Amerika Serikat pada saat sekarang ini tidak mempunyai kebijakan nasional yang didesain
untuk mempengaruhi distribusi penduduk. Meskipun demikian, kongres telah diminta untuk
menyelidiki dampak berbagai peraturan perundangan dan program terhadap keputusan
individual dan perusahaan dalam berlokasi atau bertempat tinggal dalam negara itu.

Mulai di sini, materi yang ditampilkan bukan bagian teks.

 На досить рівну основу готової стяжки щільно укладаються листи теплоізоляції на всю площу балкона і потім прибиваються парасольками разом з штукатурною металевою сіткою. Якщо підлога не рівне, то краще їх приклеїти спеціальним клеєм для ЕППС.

2.             Migrasi dan Kebijaksanaan Migrasi di Indonesia


Di indonesia, studi migrasi telah dilakukan oleh beberapa ahli baik dari dalam maupun
luar negeri dan mencakup daerah-daerah di jawa maupun luar jawa. Hampir semua
memusatkan perhatian pada determinant, pola dan kecenderungan migrasi yang diikuti oleh
usaha penyusunan kebijaksanaan.
Kebijakan migrasi di Indonesia dapat di lihat dari beberapa aspek, yaitu;
1)        Kebijakan yang bersifat eksplisit, menyangkut pengaturan ijin tempat tinggal dan
transmigrasi.
2)        Kebijakan yang bersifat implisit, pengaturan pembangunan regional yang intergrated,
pengembangan pusat-pusat pengembangan skala kecil, serta distribusi wilayah industri kecil.

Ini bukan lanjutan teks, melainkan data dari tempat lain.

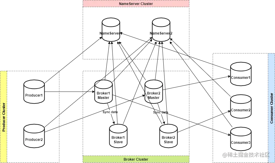 NameServer 通常以集群的方式部署,各实例间相互不进行信息通讯,只是互为备份,达到高可用的效果。RocketMQ 典型的双主双从部署方式如下图所示:

3)        Kebijakan yang bersifat restrictive, usaha untuk melarang atau membatasi migran masuk ke
kota tertentu yang sudah padat.
4)        Kebijakan yang restraining, usaha untuk menahan agar penduduk pedesaan tidak pindah ke
kota, melalui penciptaan lapangan kerja di daerah asal.
5)        Kebijakan yang bersifat divisionary, usaha untuk membuat daerah alternatif menjadi menarik
(membuka kesempatan kerja) sehingga mempengaruhi arus dan arah migran.